Impact Of GST On Ecommerce Market Place – Here Is What You Need To Know
Goods and Services Tax (GST) is a single tax reform that is applicable across all states in India. This GST taxation will replace all the existing indirect taxes such as sales tax, service tax, VAT, CST, entertainment tax, luxury tax etc. The vision behind this taxing is to bring the nation together under a single tax structure, right from manufacturers to end consumers creating a unified common market.
India has started to roll out with the new era taxation of GST from 1st July, 2017. Ecommerce industries will have noticeable impact with GST. This taxation structure is expected to rationalize seamless integration of goods and services across India. Let us explore the positive and negative impacts on ecommerce marketplace at various stages.
Major Changes on Ecommerce:
- Registration - Under GST all ecommerce business operators are mandatorily required to register irrespective of their turn over.
- Listings – Harmonized System Nomenclature code (HSN) is a globally accepted nomenclature for classifying traded products. Tax rate that is applicable for a particular HSN code will be used for computing all taxes. All sellers will have to enter this HSN code of all the products on their dashboard as a compliance requirement.
- Filing of GSTR-8 – – Ecommerce business operators have to file a special tax GSTR-8 which will be containing tax details that is collected from their suppliers’ sales. In addition they also have to file their monthly return taxes GSTR-1 and GSTR-2 and GSTR-9, an annual return.
- Tax-Credit - With GST implementation online business sellers can claim their currently paid service tax on commission. This service tax amount can be used as an input credit that will increases their profit margin.
- Eliminating Tax Cascading – With GST implementation, all taxes are integrated into uniform tax. This will bring down overall cost. With this uniform tax dispute between goods and services will end up.
- Reduction in logistic costs – At present for logistics, ecommerce sellers are paying border taxes that are levied for movement of goods from one state to another. With GST the costs for logistics movement will come down. Also the separate paper work for each state won’t be needed. Hence delivery of products will be made faster.
- Ease of process – Under GST generating invoice will become easier as the invoices will only include HSN number for distinguishing between sales of different goods. The invoices uploaded by the sellers will be visible to buyers. Hence online sellers will get their tax burden reduce and transparency is increased.
- TCS deduction - It is expected online marketers will be impacted by TCS (Tax Collection at Source) by market places. It has made mandatory that ecommerce business owners have to pay tax on the price of goods purchased from suppliers.
- Decline of Discounts – As discounts will attract extra taxes under GST, discounts offering often may reduce.
- Complex in returns and cancellations – Online sellers will have cancellation fees of 18%. They will have to bear this tax amount and collect at the source and have to wait for refund from government in the cases of cancellations.
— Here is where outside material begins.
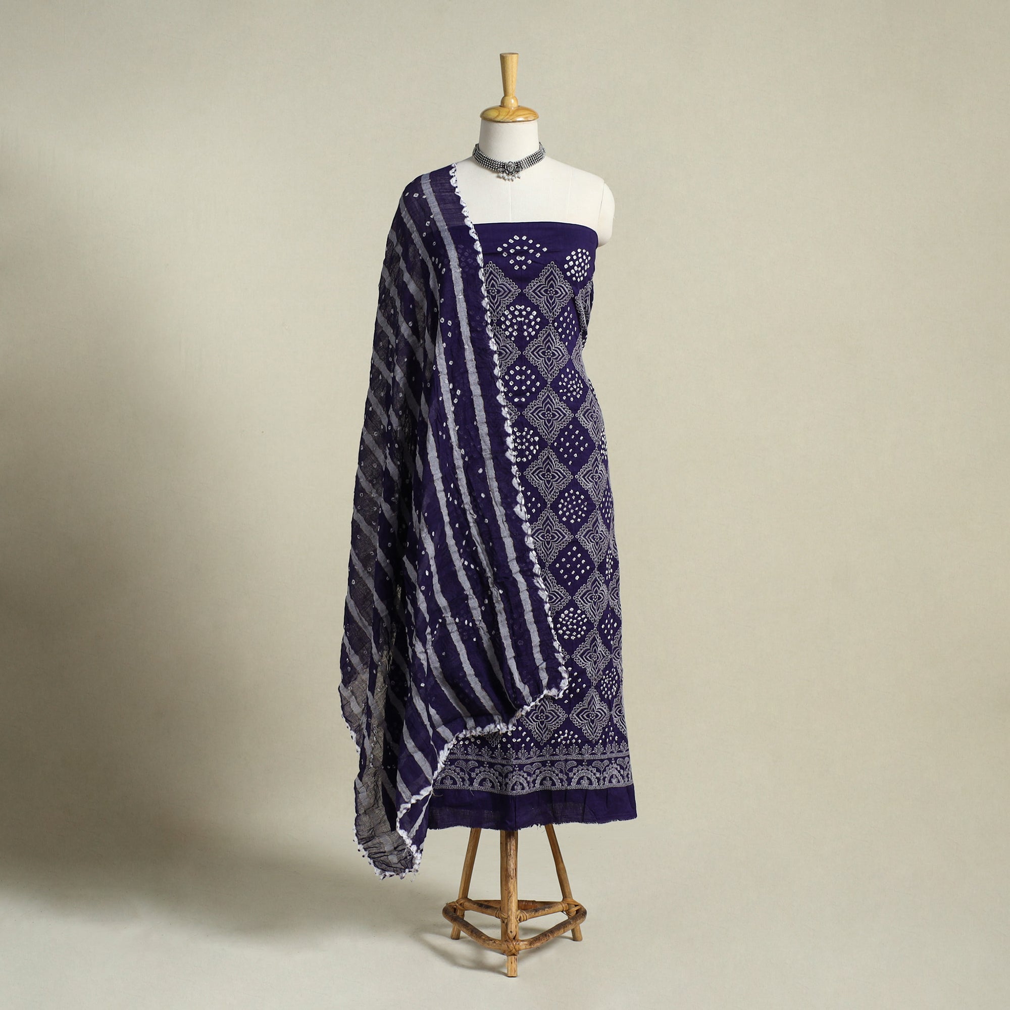 Add a traditional touch to your wardrobe with this blue 3pc satin cotton bandhani dress material, crafted using age-old tie-dye techniques. Handcrafted by skilled Kutch artisans, the fabric is carefully tied and dyed at multiple points to form intricate patterns. The kurta features delicate embroidery, while the set includes a matching bandhani dupatta and bottom fabric. Perfect for festive occasions, family functions, or everyday ethnic wear.

Hence ecommerce business will face a huge disadvantage with these refund and cancellation issues.
From both the perspectives of taxation and operations, ecommerce business will gain major positive impacts. On the other hand, any new changes introduced will have their own set of challenges. However GST will bring more transparency and ease of process which will be a boon to the ecommerce industry. GST taxation will redefine the current market and create a uniformity and simplification in the system. To sum it up, GST renders a perfect blend of easy procurement for buyers and simplified selling for sellers.